As a Google App Defense Alliance partner, ESET detected a trojanised app available on the Google Play Store and named the AhMyth-based malware it contained AhRat
- Initially, the iRecorder app did not have any harmful features. What is quite uncommon is that the application received an update containing malicious code quite a few months after its launch.
- The application’s specific malicious behaviour, which involves extracting microphone recordings and stealing files with specific extensions, potentially indicates its involvement in an espionage campaign.
- The malicious app with over 50,000 downloads was removed from Google Play after ESET Research’s alert; ESET has not detected AhRat anywhere else in the wild.
ESET researchers have discovered a trojanised Android app named iRecorder – Screen Recorder. It was available on Google Play as a legitimate app in September 2021, with malicious functionality most likely added in August 2022. During its existence, the app was installed on more than 50,000 devices. The malicious code that was added to the clean version of iRecorder is based on the open-source AhMyth Android RAT (remote access trojan) and has been customised into what ESET named AhRat. The malicious app is capable of recording audio using the device’s microphone and stealing files, suggesting it might be part of an espionage campaign.
Besides the Google Play Store, ESET Research has not detected AhRat anywhere else in the wild. However, this is not the first time that AhMyth-based Android malware has been available on the official store; ESET previously published research on such a trojanised app in 2019. Back then, the spyware, built on the foundations of AhMyth, circumvented Google’s app-vetting process twice, as a malicious app providing radio streaming. However, the iRecorder app can also be found on alternative and unofficial Android markets, and the developer also provides other applications on Google Play, but they don’t contain malicious code.
“The AhRat research case serves as a good example of how an initially legitimate application can transform into a malicious one, even after many months, spying on its users and compromising their privacy. While it is possible that the app developer had intended to build up a user base before compromising their Android devices through an update or that a malicious actor introduced this change in the app; so far, we have no evidence for either of these hypotheses,” explains ESET researcher Lukáš Štefanko, who discovered and investigated the threat.
The remotely controlled AhRat is a customization of the open-source AhMyth RAT, which means that the authors of the malicious app invested significant effort into understanding the code of both the app and the back end, ultimately adapting it to suit their own needs.
Aside from providing legitimate screen recording functionality, the malicious iRecorder can record surrounding audio from the device’s microphone and upload it to the attacker’s command and control server. It can also exfiltrate from the device files with extensions representing saved web pages, images, audio, video, and document files, and file formats used for compressing multiple files.

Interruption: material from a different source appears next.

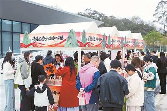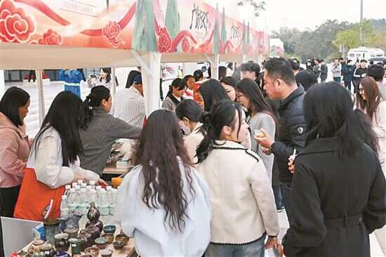 春节临近,地豆服务区特别推出“广货行天下”年货展销专区,砂糖橘、竹升面、百香果、土蜂蜜、非遗陶瓷制品等本地特产琳琅满目,吸引众多返乡旅客驻足选购。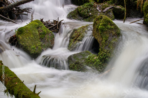 © kfritsch_69, Obraz premium Wasserfall mit Steinen voller Moos

Android users who installed an earlier version of iRecorder (prior to version 1.3.8), which lacked any malicious features, would have unknowingly exposed their devices to AhRat if they subsequently updated the app either manually or automatically, even without granting any further app permission approval.
“Fortunately, preventive measures against such malicious actions have already been implemented in Android 11 and higher versions in the form of app hibernation. This feature effectively places apps that have been dormant for several months into a hibernation state, thereby resetting their runtime permissions and preventing malicious apps from functioning as intended. The malicious app was removed from Google Play after our alert, which confirms that the need for protection to be provided through multiple layers, such as ESET Mobile Security, remains essential for safeguarding devices against potential security breaches,” concludes Štefanko.
ESET Research has not yet found any concrete evidence that would enable the attribution of this activity to a particular campaign or APT group.